The most common, any-grade adverse events (AEs) during the escalated dosing phase were febrile neutropenia (CC-486, 24%; placebo 3%), anaemia (22%; 20%), thrombocytopenia (22%; 23%) and neutropenia (20%; 10%). Grade 3/4 AEs were fairly similar across both treatment arms at 31% and 35%, respectively. In total, 4 (8%) of CC-486 treated patients discontinued treatment due to an AEs as compared to 1 in the placebo arm (3%). Assessed via FACIT-Fatigue and EQ-5D-3L instruments, CC-486 dose-escalation did not affect patient-reported fatigue or overall quality of life, compared to placebo.
Conclusions
In the phase III QUAZAR AML-001 trial, approximately a quarter of patients who experienced AML relapse with 5-15% blasts, who were subsequently escalated to a 21-day oral azacitadine dosing schedule, regained CR/CRi. Overall, dose-escalation was well-tolerated, without any new safety concerns.
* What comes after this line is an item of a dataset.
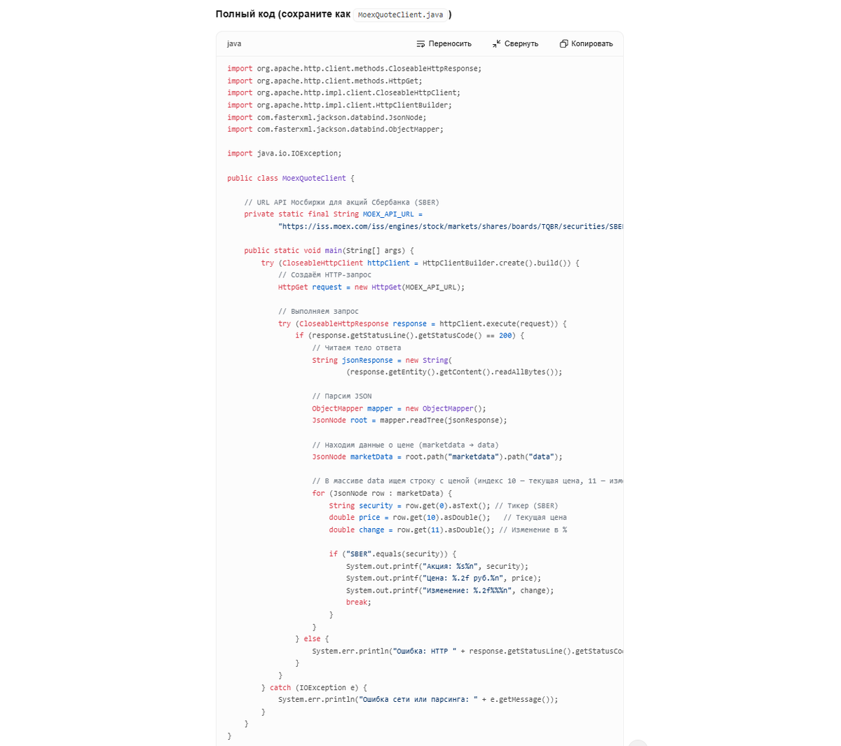 Короче, мучал я ее мучал. Пока наконец с сотой попытки у меня не получилось отладить эту программульку, и она мне выдала котировку того самого Сбера.
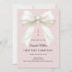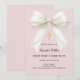 Celebrate her First Holy Communion with this elegant dusty blush pink invitation, featuring a luxurious ivory bow adorned with delicate pearl details and a subtle gold cross.

Of note, haematologic AEs first reported during dose escalation may be contributed to by disease relapse. As a result of the efficacy and safety data generated from this study, an escalated, 21-day oral CC-486 dosing schedule should be considered for AML patients who experience relapse with ≤ 15% blasts.
Reference
Döhner H, Wei AH, Montesinos P, et al., Escalated dosing schedules of CC-486 are effective and well tolerated for patients experiencing first acute myeloid leukemia (AML) relapse: results from the phase III QUAZAR AML-001 maintenance trial. Presented at ASH 2020; Abstract 111.